Andrew Gray wrote:
Would it be useful at this point to have some idea of how other projects do it? I know some have a "normal" deadminning process, but I'm not sure how this works - do some have a request-based system, some have regular reconfirmation, what?
It's hardly going to be useful to adopt a "doesn't scale" type system - imagine reconfirming (or not) 1000 admins annually, and then ask what else could have been done with that investment of the community's time to improve the 'pedia. I think part of the answer lies here. The ArbCom culls around 1% of the admin body annually, and those decisions are seriously taken. enWP has a real, daily need of admins to do adminstrative work on what is a very large, very complex, and (crucially) very inhomogeneous site - there is huge diversity in terms of users and tasks. Desysopping shouldn't be about people fussing on about some limited number of admin actions they don't like, especially (given the grudge-bearing that happens) things that were years ago. Re-election cannot prevent that being what it all hinges on.
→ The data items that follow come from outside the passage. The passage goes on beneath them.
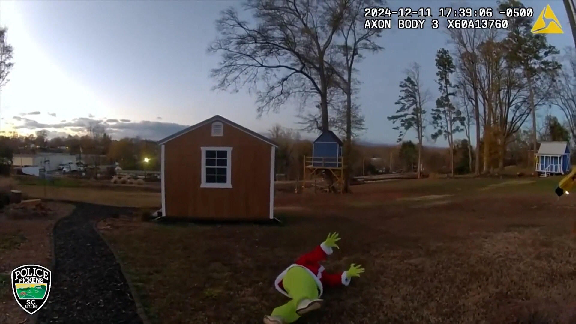 Policisté z amerického města Pickens zveřejnili před Vánocemi vtipné video. Dostali totiž hlášku, že podezřelý z vloupání, kterého volající popsal jako „chlupatého zeleného tvora“, se v jednom z domů pokouší ukrást vánoční dárky. Po příjezdu na místo policisté vyrušili pachatele přímo při činu. Po krátké honičce a použití paralyzéru byl podezřelý, identifikovaný jako Grinch, zadržen. Úřady Grinche spojují s několika vloupáními v okolí města, kde byly nahlášeny krádeže dárků, vánočních stromků, a dokonce i cibule z kuchyně. Policie ujišťuje, že svátky jsou nyní v bezpečí. „S radostí oznamujeme, že Grinch je ve vazbě,“ uvedli. Obyvatelé si mohou oddechnout a užít si veselé Vánoce.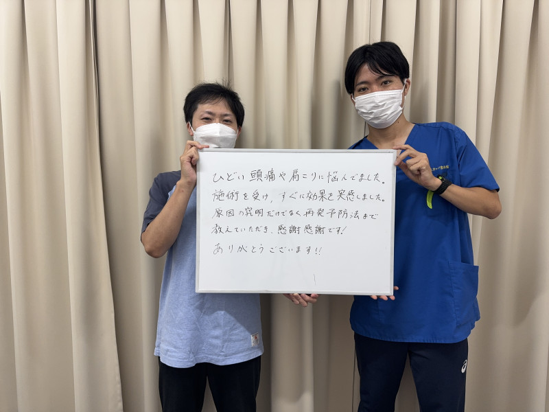 「ひどい頭痛と肩こりで悩んでいましたが施術を受けてすぐに効果を実感しました」IMG_7092 - 筋膜カッパ整体院那覇店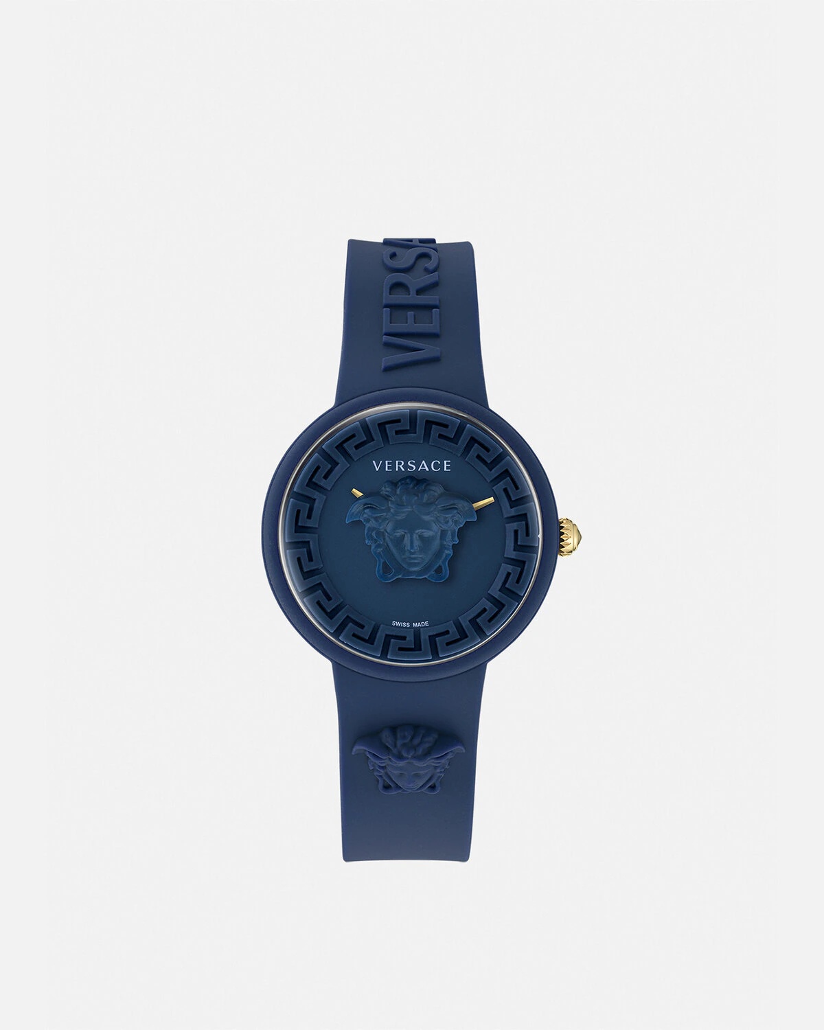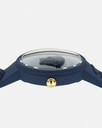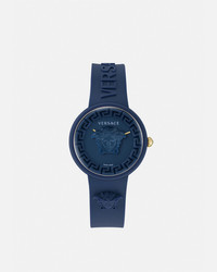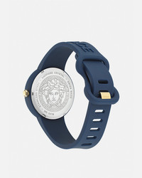 DETAILS A modern timepiece in a deep monochrome colour detailed with tonal Versace symbols including a three-dimensional Medusa, a Greca inner ring and Versace lettering on the silicone band. The accessory comes in a matching silicone pouch. All Versace watches are guaranteed by the 'Swiss Made' marking. - Case: Navy Blue silicon case - Dial: Navy Blue dial with 3D Medusa and Greca on the inner dial / Versace logo at 12h - Bracelet: Navy Blue silicon strap with 3D Medusa / 3D Versace lettering and tongue buckle - Movement: RONDA 762.2 Swiss Quartz 2 hands movement - Water Resistant: 3 ATM Item: PVE6G006-P0023_RTU_TU_PNUL__ SIZE & FIT - Case: 1.5"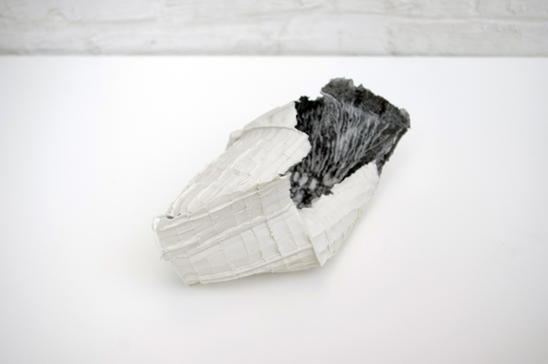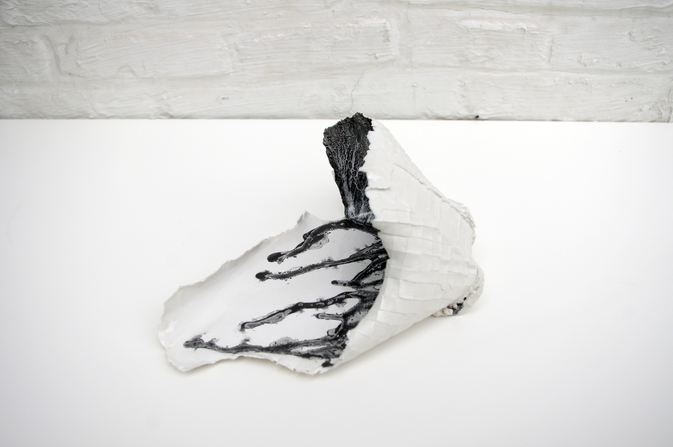 La ville a un flux et reflux qui, tel la mer, abanbonne ses coquilles vides sur ses rivages. Temoins de ce flux, les boites vides abandonnées aux portes des magasins sont comme des coquilles mortes que je récupère, sculpte, puis enduis de porcelaine pour créer des formes nouvelles et organiques.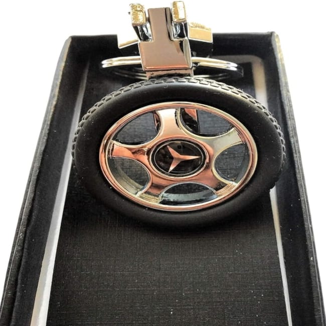 Imported Black Rubber & Steel Finish Metal Locking High Quality Wheel Keychain

In other words if you're worried about the admin body as a whole, you wouldn't ask the question about "how can I get rid of X?" but "is there any control of the admins as a whole?" We currrently have desysopping that goes on a "worst-case" basis rather than an "average-case" basis, and if you change that you are likely to get more decisions taken, but for worse reasons. I don't think the actual quality of admins is anything like as low as the argument for mass reconfirmation would suggest.